I. {¶ 40} In his sole assignment of error, Appellant claims that the trial court in denying his motion for a mistrial. We disagree.
{¶ 41} As stated above, a review of the record reveals that Appellant's motion for mistrial was not overruled by the trial court but was instead withdrawn by Appellant.
{¶ 42} Assuming arguendo that the trial court had in fact overruled said motion, the decision to grant or deny a motion for mistrial rests within the sound discretion of the trial court. State v.Sage (1987), 31 Ohio St.3d 173, 182, 510 N.E.2d 343. This is because the trial court is in the best position to determine whether a mistrial is needed. State v. Glover (1988), 35 Ohio St.3d 18, 19. We will not reverse the trial court's decision to deny the motion for mistrial unless it abused its discretion. State v. Treesh (2001), 90 Ohio St.3d 460, 480,2001-Ohio-4. In order to demonstrate a trial court has abused its discretion in denying a motion for a mistrial, a defendant must show that the trial court's decision was arbitrary, unreasonable, or unconscionable. State v. Nichols (1993), 85 Ohio App.3d 65, 69. A mistrial should not be ordered in a criminal case merely because some error or irregularity has intervened, unless the substantial rights of the accused are adversely affected. Id. "Mistrials need be declared only when the ends of justice so require and a fair trial is no longer possible." State v. Franklin (1991), 62 Ohio St.3d 118.
{¶ 43} Appellant argues the trial court improperly failed to force the disclosure of the name of the confidential informant. This argument lacks merit.
{¶ 44} The state's privilege of non-disclosure of the identity of a confidential informant is limited by fundamental fairness. The question of disclosure of a confidential informant becomes a balancing of competing interests. The defendant's right to confront his accusers, and the state's right to preserve the anonymity of informants. State v.Phillips (1971), 27 Ohio St.2d 294, 272 N.E.2d 347. Rovario v. UnitedStates (1957), 353 U.S. 53, 77 S.Ct. 623, 1 L.Ed.2d 639. Thus, the privilege must yield if the defendant demonstrates the identity is either necessary or relevant. State v. Feltner (1993), 97 Ohio App.3d 279.
{¶ 45} In the case of State v. Williams (1983), 4 Ohio St.3d 74, the Ohio Supreme Court stated that an informant's identity should be disclosed to a defendant when: (1) it is vital to establishing an element of the crime, or (2) would be helpful or beneficial to the accused in preparing or making a defense to criminal charges. Id. at syllabus. The defendant bears the burden of establishing the necessity for disclosure.State v.
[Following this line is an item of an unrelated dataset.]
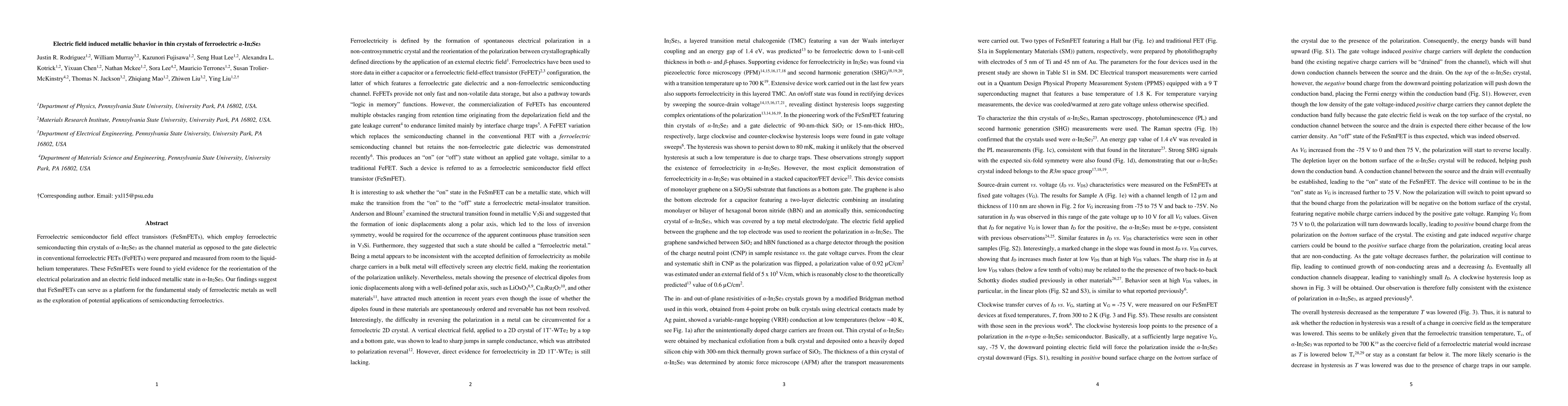 Ferroelectric semiconductor field effect transistors using {\alpha}-In2Se3 crystals demonstrate electric field-induced metallic behavior, suggesting potential for integrating data storage and logic functions in a single device. This unique metallic state is linked to the reorientation of electrical polarization in the ferroelectric material.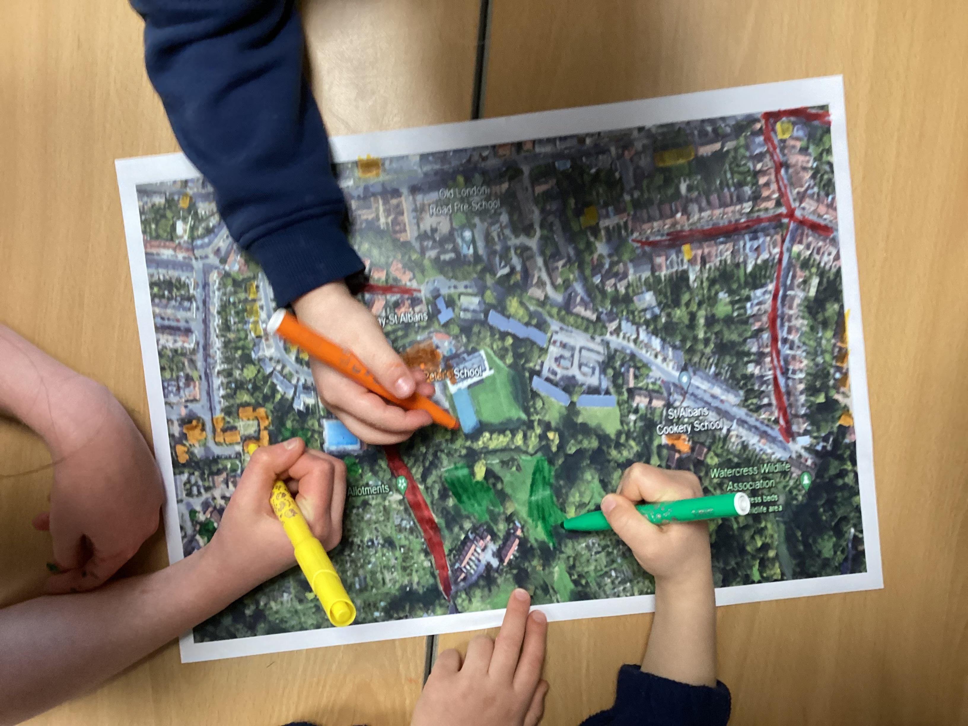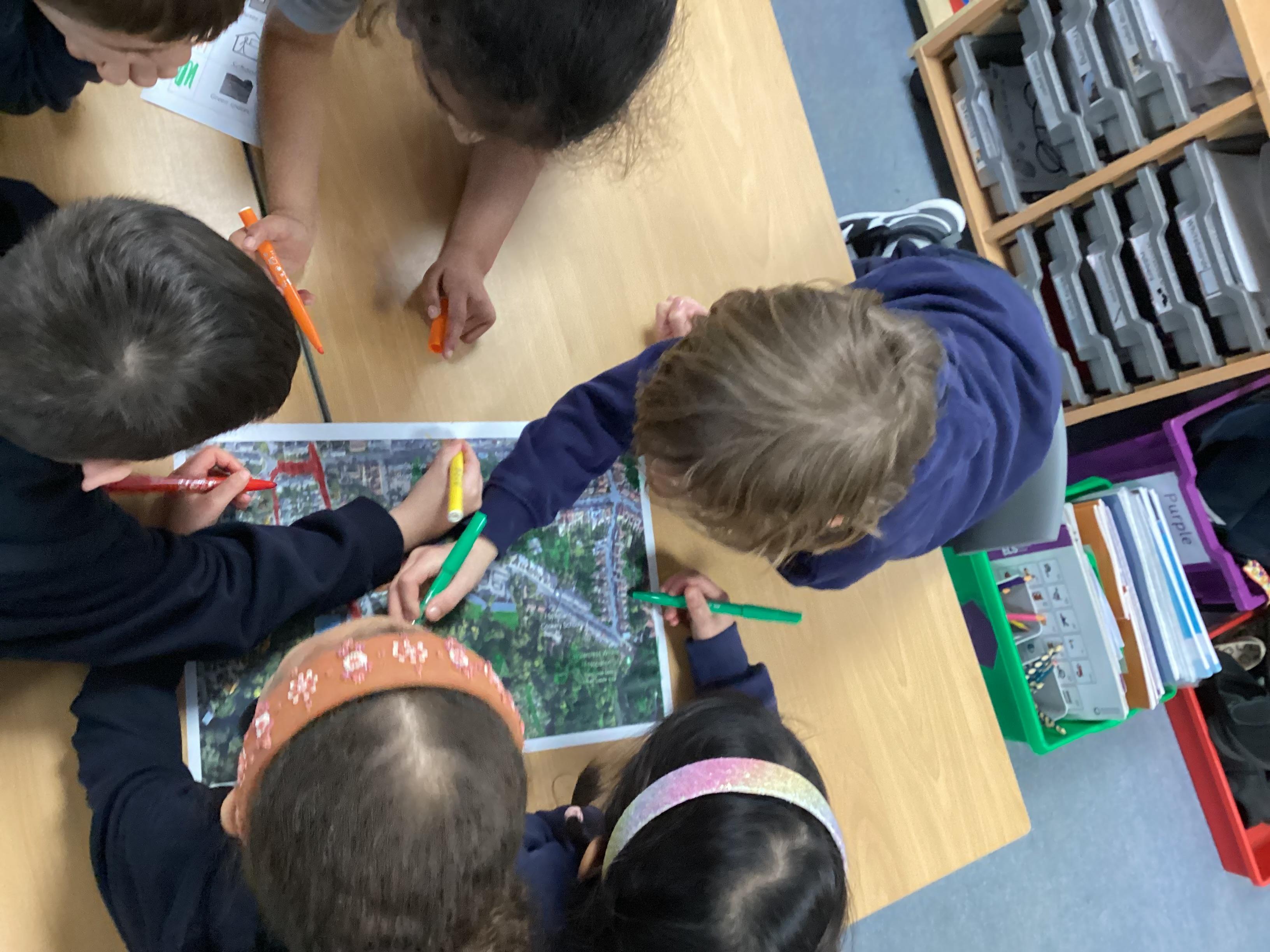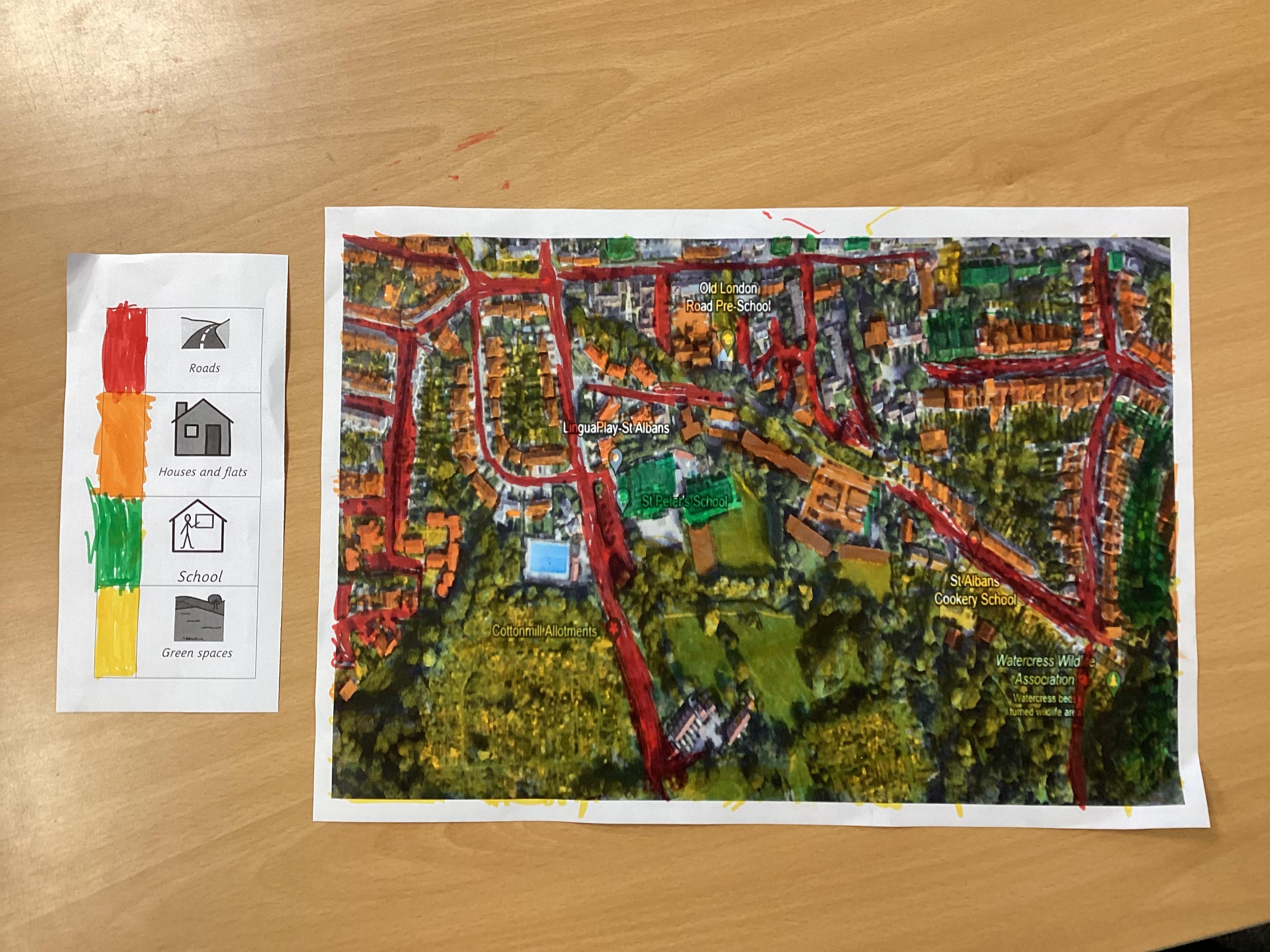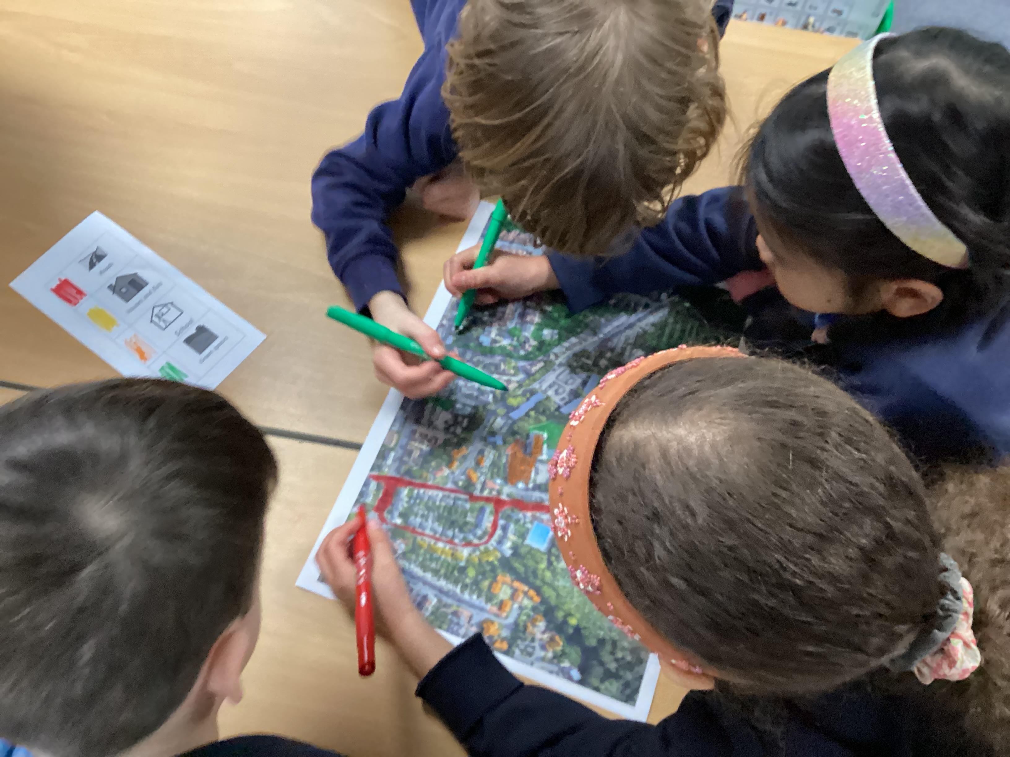In Geography, we looked at a map of the local area and highlighted features such as roads, houses, green space and leisure facilities.

Parsons (1989), 64 Ohio App.3d 63, 69.
{¶ 46} Appellant made no such demonstration in this case. Hence, the trial court would not have been acting improperly if it had denied Appellant's motion for disclosure of the identity of the confidential informant. Id.; see also, State v. Parsons (1989), 64 Ohio App.3d 63,69, State v. Williams (1983), 4 Ohio St.3d 74.
{¶ 47} If the informant's degree of participation is such that the informant is essentially a State's witness, the balance tilts in favor of disclosure. Id. at 76. However, where disclosure is not helpful to the defense, the prosecution need not reveal the informant's identity. Id. The defendant bears the burden of establishing the need for learning the informant's identity. Feltner, supra; State v. Parsons (1989),64 Ohio App.3d 63, 69.
{¶ 48} Furthermore, we agree with the State that even if the nondisclosure of the confidential informant were error, it was invited error. Under the doctrine of invited error, a party cannot take advantage of an error the party invited or induced. State ex rel. Soukup v.Celebrezze, 83 Ohio St.3d 549, 550, 1998-Ohio-8.
{¶ 49} Based on the foregoing, Appellant's sole assignment of error is overruled.
{¶ 50} The decision of the trial court is affirmed.
By: Boggins, J., Gwin, P.J., and Hoffman, J. concur.